FIG. 8 is a flowchart illustrating a process 800 for generating a 3D room plan. In some implementations, a device such as electronic device 110 performs method 800. In some implementations, method 800 is performed on a mobile device, desktop, laptop, HMD, or server device. The method 800 is performed by processing logic, including hardware, firmware, software, or a combination thereof. In some implementations, the method 800 is performed on a processor executing code stored in a non-transitory computer-readable medium (e.g., a memory).
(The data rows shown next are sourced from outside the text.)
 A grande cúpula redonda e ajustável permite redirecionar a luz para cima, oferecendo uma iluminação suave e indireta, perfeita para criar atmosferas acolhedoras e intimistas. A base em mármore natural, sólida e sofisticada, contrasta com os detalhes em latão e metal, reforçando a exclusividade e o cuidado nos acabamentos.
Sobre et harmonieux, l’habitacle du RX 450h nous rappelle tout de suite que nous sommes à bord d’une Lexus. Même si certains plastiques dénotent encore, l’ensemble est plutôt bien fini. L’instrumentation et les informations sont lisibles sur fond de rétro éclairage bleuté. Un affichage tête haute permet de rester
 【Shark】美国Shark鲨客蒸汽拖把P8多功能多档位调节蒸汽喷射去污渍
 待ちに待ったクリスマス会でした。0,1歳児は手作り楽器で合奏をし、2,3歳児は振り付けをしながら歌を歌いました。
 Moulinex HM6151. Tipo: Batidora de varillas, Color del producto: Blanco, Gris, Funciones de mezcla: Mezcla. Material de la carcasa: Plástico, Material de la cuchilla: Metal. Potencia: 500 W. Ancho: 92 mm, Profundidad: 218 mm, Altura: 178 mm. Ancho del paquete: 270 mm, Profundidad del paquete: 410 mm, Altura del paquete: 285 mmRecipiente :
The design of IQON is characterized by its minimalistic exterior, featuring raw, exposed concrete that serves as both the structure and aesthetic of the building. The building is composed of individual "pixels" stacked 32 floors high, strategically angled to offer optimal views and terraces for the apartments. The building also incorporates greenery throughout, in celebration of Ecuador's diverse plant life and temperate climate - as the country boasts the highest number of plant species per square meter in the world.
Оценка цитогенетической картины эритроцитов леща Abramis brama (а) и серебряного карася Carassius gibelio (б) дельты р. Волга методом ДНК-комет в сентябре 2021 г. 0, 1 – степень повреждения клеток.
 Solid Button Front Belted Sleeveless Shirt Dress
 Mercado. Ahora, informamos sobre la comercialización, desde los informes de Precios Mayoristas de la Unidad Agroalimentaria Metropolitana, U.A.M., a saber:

At block 802, the method 800 obtains sensor data of a room in a physical environment during a scan of the room. The method 800 may obtain a 3D representation of the room based on the sensor data. In some implementations, the sensor data comprises image data (e.g., from an RGB camera), depth data (e.g., a depth image from a depth camera), ambient light sensor data (e.g., from an ambient light sensor), and/or motion data from one or more motion sensors (e.g., accelerometers, gyroscopes, etc.). In some implementations, the sensor data includes visual inertial odometry (VIO) data determined based on image data. The 3D representation may be a 3D model such as a 3D point cloud or 3D mesh providing information about the positions and appearance of surface portions within the physical environment. In some implementations, the 3D representation is obtained over time, e.g., during a scan, the 3D representation may be updated, and updated versions of the 3D representation obtained over time. For example, a 3D point cloud may be obtained (and analyzed/processed) as it is updated over time.

At block 804, the method 800 determines 2D shapes (e.g., rectangles or other polygons, circles, ellipses, etc.) representing boundaries of the room based on the sensor data. The method 800 may determine 3D positions for the 2D shapes based on the sensor data. Each of the 2D shapes may be defined by parameters specifying a plurality of points that define a position and a size of a respective 2D polygon in a 3D coordinate system.

This determining (at block 804) may involve generating a floor plan (e.g., floor plan 616 of FIG. 6) that defines the positions and sizes of walls, windows, doors, etc. The floor plan may specify parameters, such as parameter's specifying the position of wall by specifying two opposing corner locations that specify the position and size of a rectangular region in a 3D coordinate system. Determining the 3D positions for the 2D shapes may involve detecting walls and wall openings based on the 3D representation of the room (e.g., as illustrated in block 608 of FIG. 6). Determining the 3D positions for the 2D shapes may involve performing a wall opening consistency process (e.g., as illustrated in block 610 of FIG. 6). Determining the 3D positions for the 2D shapes may involve detecting windows or doors on walls of the room (e.g., as illustrated in block 612 of FIG. 6). Determining the 3D positions for the 2D shapes may involve estimating a wall or a wall opening height based on the 3D representation (e.g., as illustrated in block 614 of FIG. 6). Determining the 3D positions for the 2D shapes may involve producing a floor plan based on the walls, wall openings, windows, doors, wall heights, and wall opening heights. Such a floor plan may be produced during (i.e., at or before the end of the scan). Determining the 3D positions for the 2D shapes may involve refining edge positions of the 2D shapes based on sensor data captured during the scan (e.g., as illustrated in block 644 of FIG. 6).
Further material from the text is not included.